Autoriteit Financiële Markten

Bij de vaststelling van de bedragen voor afzonderlijke toezichthandelingen van de Autoriteit Financiële Markten (AFM) is kostendekking het uitgangspunt. Dit heeft in een aantal gevallen geleid tot verhogingen ten opzichte van 2003. Het gaat vooral om het bedrag voor uitbreidingen van verklaringen van geen bezwaar en voor ontheffingen in het kader van openbare biedingen op effecten. Omgekeerd heeft het uitgangspunt van kostendekking ook aanleiding gegeven tot verlaging van bedragen, zoals bijvoorbeeld bij notificatie van cliëntenremisiers en ontheffing van de prospectusverplichting. Voorts is het bedrag voor vergunningverlening uit hoofde van de Wet toezicht beleggingsinstellingen verlaagd van € 18.760 in 2003 naar € 13.500 in 2004.

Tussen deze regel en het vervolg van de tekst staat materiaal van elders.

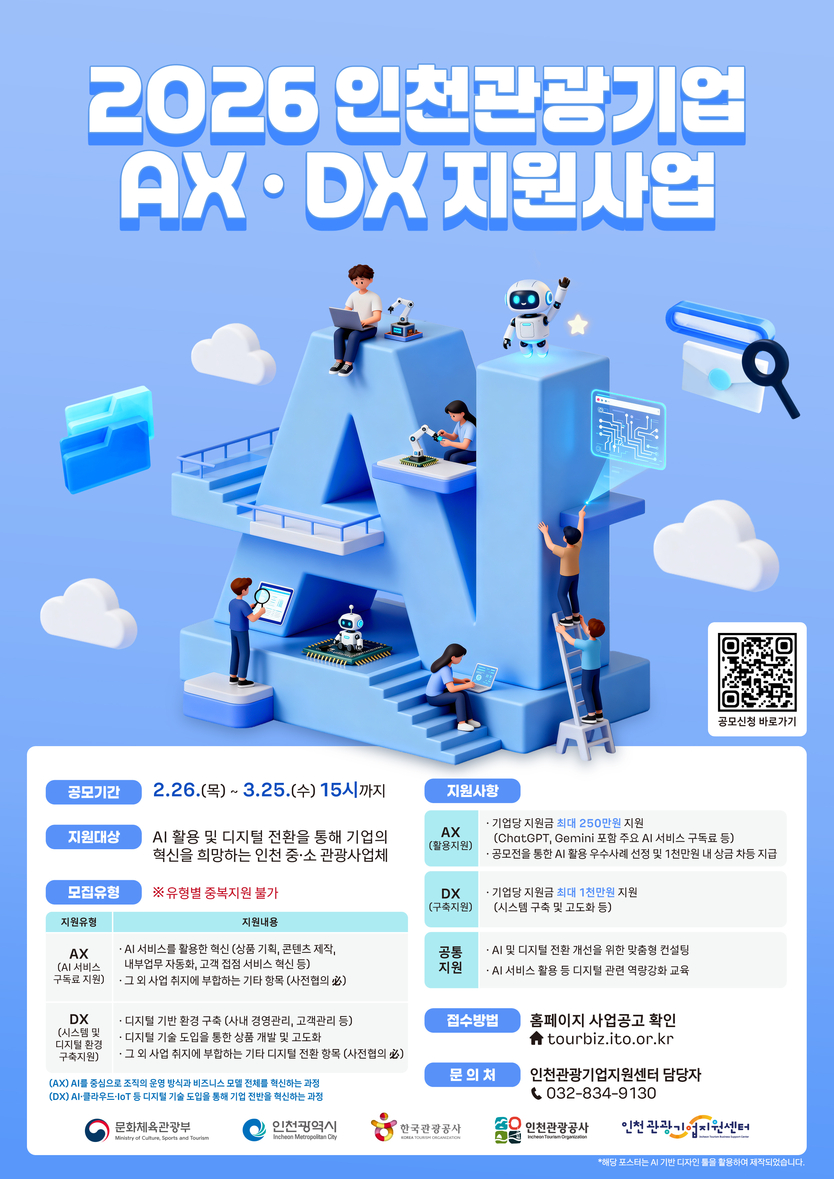 지원 규모 및 혜택이번 공모를 통해 총 17개사를 선발하며, 지원 내용은 다음과 같다.구분지원 규모지원 내용최대 지원금AX 지원15개사AI 서비스 구독료 및 활용 지원기업별 250만 원DX 지원2개사시스템 구축 및 디지털 고도화기업별 1,000만 원선정된 기업에는 지원금 외에도 인천관광기업지원센터가 제공하는 ▲디지털 역량 강화 교육 ▲맞춤형 전문가 컨설팅 등 다각적인 후속 프로그램이 제공된다.김태현 인천관광공사 관광산업실장 한마디"올해는 인천 관광기업이 AI를 본격적으로 실무에 도입하는 첫해인 만큼, 이번 사업이 실질적인 경영 혁신과 성장을 이루는 마중물이 되길 기대한다.
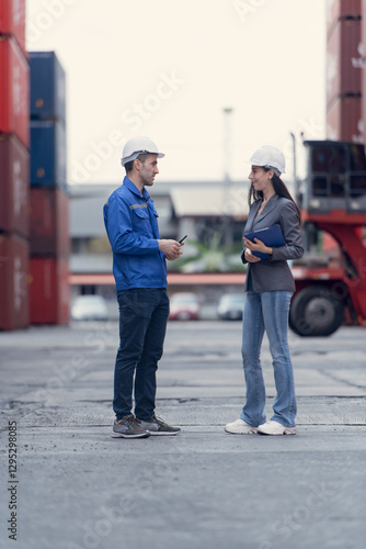 box, business, car, cargo, caucasian, clipboard, commerce, container, control, delivery, equipment, explain, export, factory, female, foreman, hard hat, helmet, import, industry, inspection, inspector, logistic, looking, male, man, management, manager, manufacturing, people, professional, safety, shipping, site, stack, storage, survey, technology, transport, transportation, truck, uniform, warehouse, woman, work, men at work
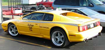 A yellow Cab Esprit! No information on if this Esprit is taking bookings, but with only one spare seat, it's not the best choice for a Taxi!This is the same Monster Esprit with rear wing removed from Denver USA. It's Johan's Nitrous intercooled 712bhp car. The car that did 210mph at Bonneville last year, he's trying for 225 right now.!!!!!
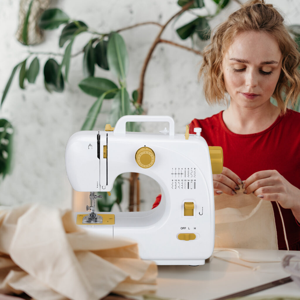 It integrates a hidden drawer to store threads, needles … and all the material you need to make the fabrics.
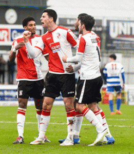This pair of ‘footballing’ sides were showing themselves capable of coping admirably with the gusty conditions – City goalkeeper Laurie Walker adapting his kicking game to keep the ball on the Kingfield turf, while for the hosts the in-form Bruno Andrade started brightly with an early shot on Walker’s goal.
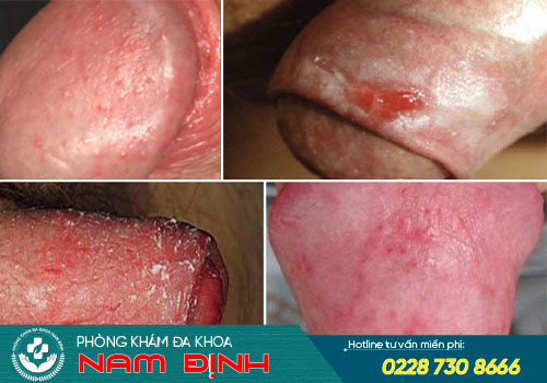 ✜ Xuất hiện mẩn đỏ, nổi mụn liti, hoặc các mụn lở loét hoặc chảy dịch ở bao quy đầu, rãnh quy đầu;
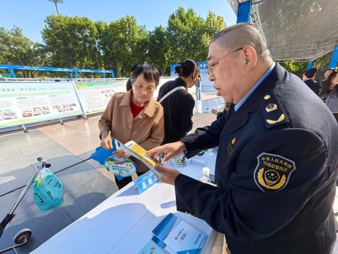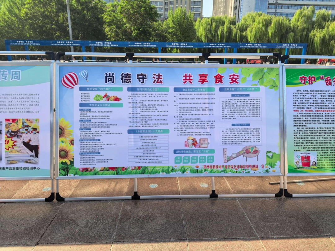 宣传周期间,郑州高新区市场监管局在现场悬挂了2025年食品安全宣传周“尚德守法、共享食安”横幅,并陈列了食品安全宣传手册,12315消费者维权手册等知识手册,活动同时向前来咨询的旅客赠送抽纸,给过往人们带来郑州问候。
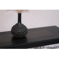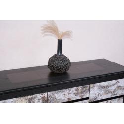 Die Sideboard Platte habe ich durch eingerahmte und edle Ledereinlässe durchbrochen. Das Leder ist ebenfalls durch geschmiedetes Eisen eingerahmt.
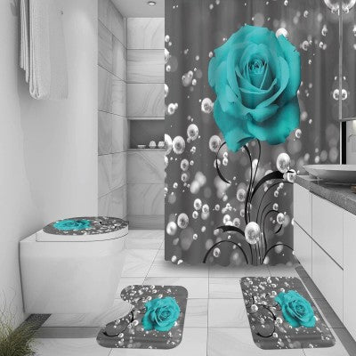 Set baie 4 piese: perdea, covorase si husa de toaleta
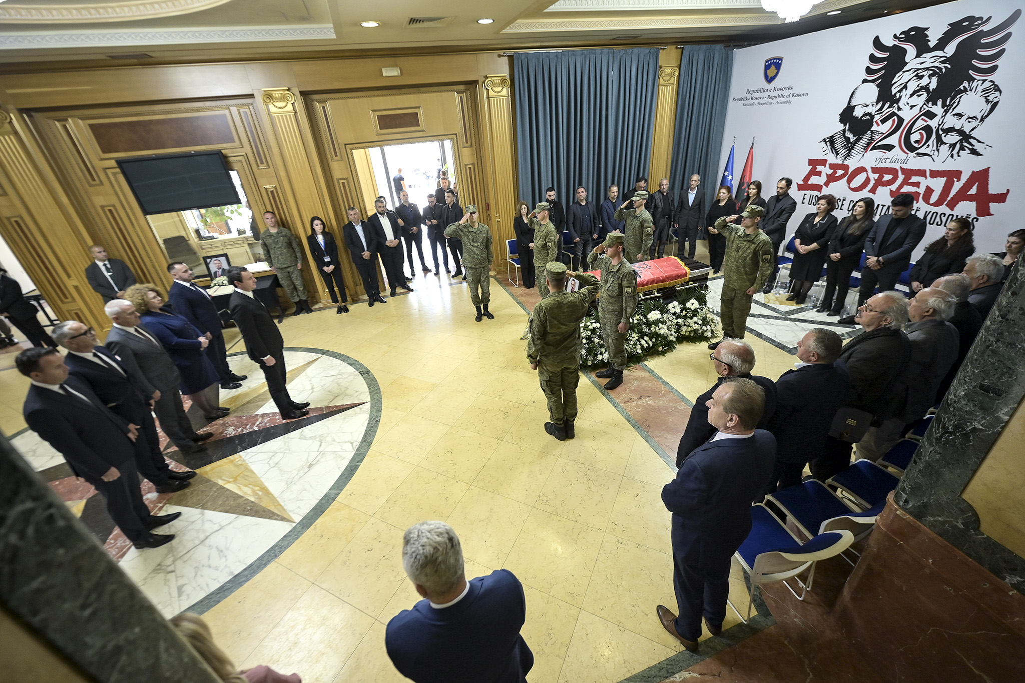 The Prime Minister of the Republic of Kosovo, Albin Kurti, together with the Minister of Defense, Ejup Maqedonci, the Minister of Industry, Entrepreneurship and Trade, Rozeta Hajdari, the Minister of Health, Arben Vitia, the Minister of Internal Affairs, Xhelal Sveçla and the Minister of Agriculture, Forestry and Rural Development, Faton Peci, paid tribute today in the premises of the Assembly of Kosovo, near the coffin of the former deputy of the Assembly of Kosovo, and the former mayor of Peja, Ali Lajçi.
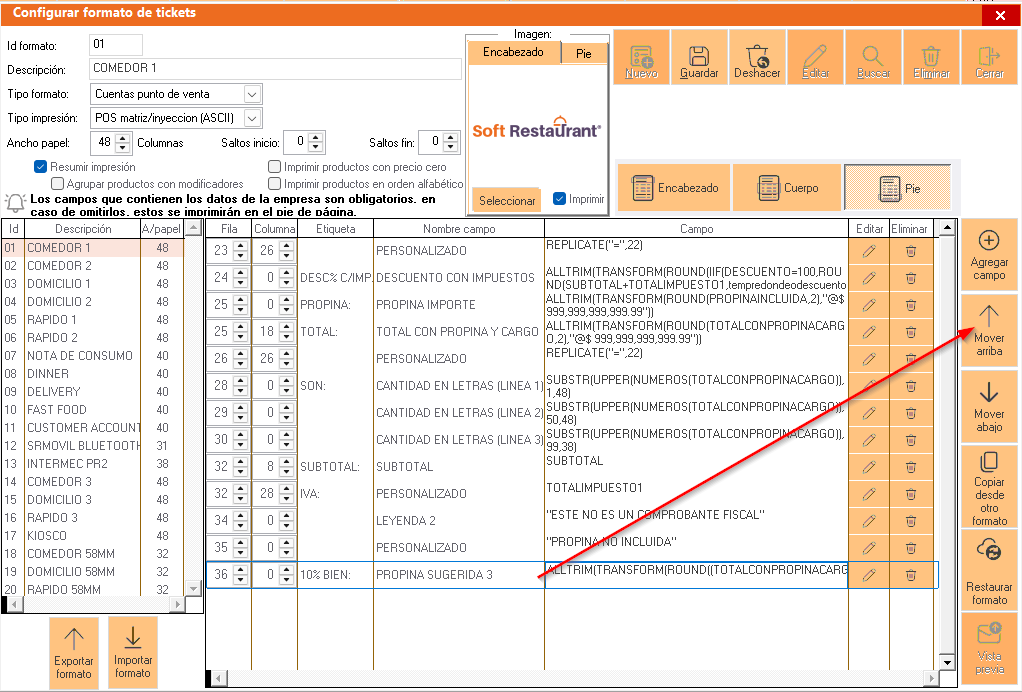 Damos 1 clic sobre el campo agregado y presiono MOVER ARRIBA varias veces para posicionarlo antes de la cantidad con letra (o en el espacio donde lo desee agregar).
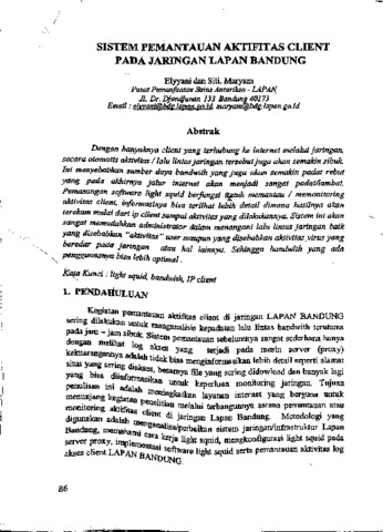 -, Elyyani and Siti, Maryam (2010) System pemantauan aktivitas client pada jaringan LAPAN Bandung. In: Teknologi Pengamatan dan Informasi Kedirgantaraan. Massma Sikumbang, Jakarta, pp. 86-93.
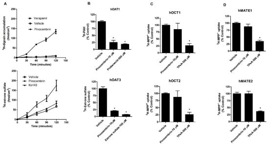 Effect of pinocembrin on the function of P-gp, BCRP, hOAT1, hOAT3, hOCT1, hOCT2, hMATE1, and hMATE2. (A) Transport function of P-gp and BCRP, (B) hOAT1 and hOAT3, (C) hOCT1 and hOCT2, and (D) hMATE1 and hMATE3. Probenecid and estrone sulfate were positive controls for hOAT1 and hOAT3 inhibition. Tetraethylammonium (TPeA) is an inhibitor of hOCT1, hOCT2, hMATE1, and hMATE2. The data are expressed as the mean ± S.D. of % of vehicle control from three experiments. * p < 0.05 compared with the control.
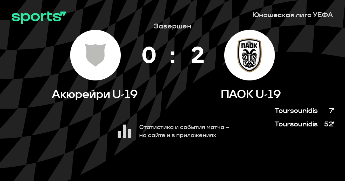Результат прошлой игры в турнире «Юношеская лига УЕФА»: Акюрейри U-19 – Елгава U-19 1:0.
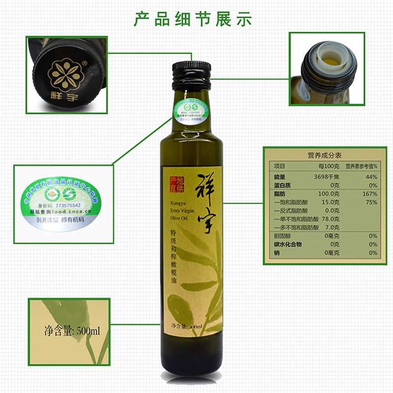 商品名称:祥宇有机特级初榨橄榄油庄园500ml单盒
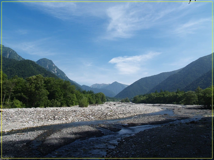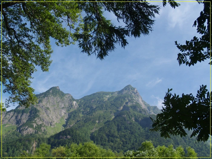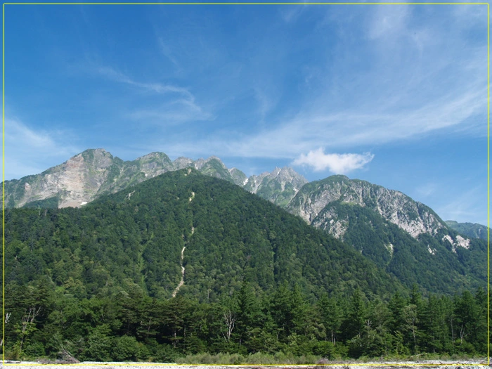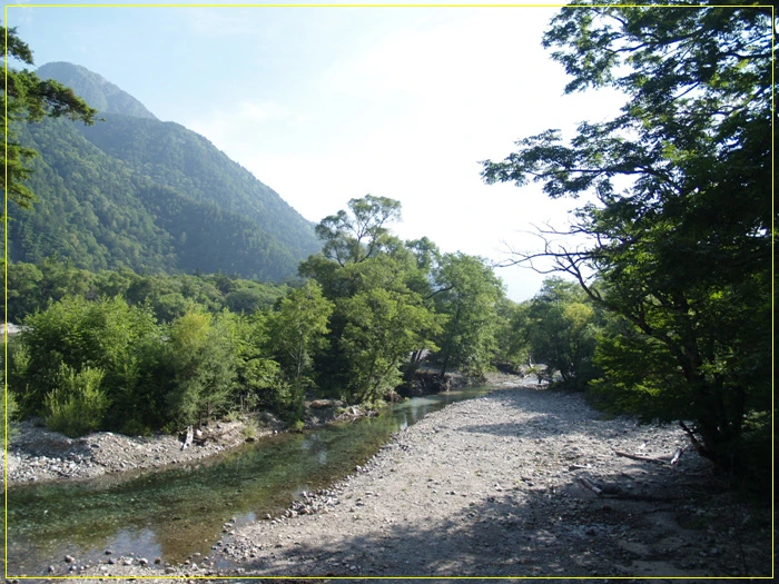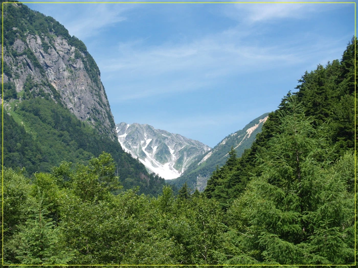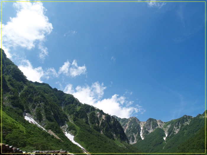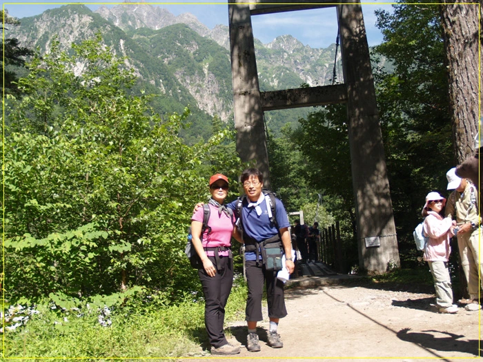 신무라바시교 정면으론 마에호다카와 기타오네의 능선이 웅장하다.

In de afgelopen periode is het aantal en de omvang van openbare biedingen op effecten achtergebleven bij de prognose. Dit heeft tot gevolg gehad dat ook de opbrengst van de heffingen ter dekking van de kosten die de AFM maakt in verband met het toezicht is achtergebleven bij de opbrengsten zoals geraamd in de AFM-begrotingen voor 2002 en 2003. Dit is vooral tot uiting gekomen in het zogeheten ad-valorem deel, dat geheven wordt bij de gestanddoening van het bod aan de hand van een percentage van de omvang van dit bod. De AFM heeft de personele inzet inzake het toezicht op openbare biedingen op effecten zoveel mogelijk aangepast aan deze ontwikkeling, maar door vaste kosten kent een dergelijke aanpassing grenzen. Hierdoor is een exploitatietekort met betrekking tot openbare biedingen op effecten onvermijdelijk gebleken. In de ramingen is verondersteld dat het aantal openbare biedingen op effecten zal aantrekken in 2004. Om zo goed mogelijk aan te sluiten bij de werkelijke toezichtkosten en daarmee het risico van een opnieuw optredend exploitatietekort zoveel mogelijk te beperken is het ad-valorem tarief en het daaraan gekoppelde maximumbedrag substantieel verhoogd.

De Nederlandsche Bank

Op één uitzondering na zijn de bedragen voor afzonderlijke toezichthandelingen van De Nederlandsche Bank (DNB) zoals omschreven in artikel 7 van de Regeling bekostiging financieel toezicht voor 2004 op nul gesteld. Dit is volgens afspraak in het kader van de herziening van de financiering van het toezicht. Het is de bedoeling dat met ingang van het jaar 2005 wel bedragen in rekening worden gebracht voor bedoelde afzonderlijke toezichthandelingen van DNB op grond van artikel 7 van de Regeling bekostiging financieel toezicht. De uitzondering betreft het verzoek om inschrijving in het register als bedoeld in de Wet inzake de geldtransactiekantoren. Hiervoor werd in het verleden reeds een bedrag in rekening gebracht. Ook hier is bij de vaststelling van het bedrag kostendekking het uitgangspunt. De kosten van de overige afzonderlijke toezichthandelingen van DNB worden in 2004 onder toepassing van artikel 11 over de alle ondernemingen binnen de desbetreffende (sub)categorieën omgeslagen.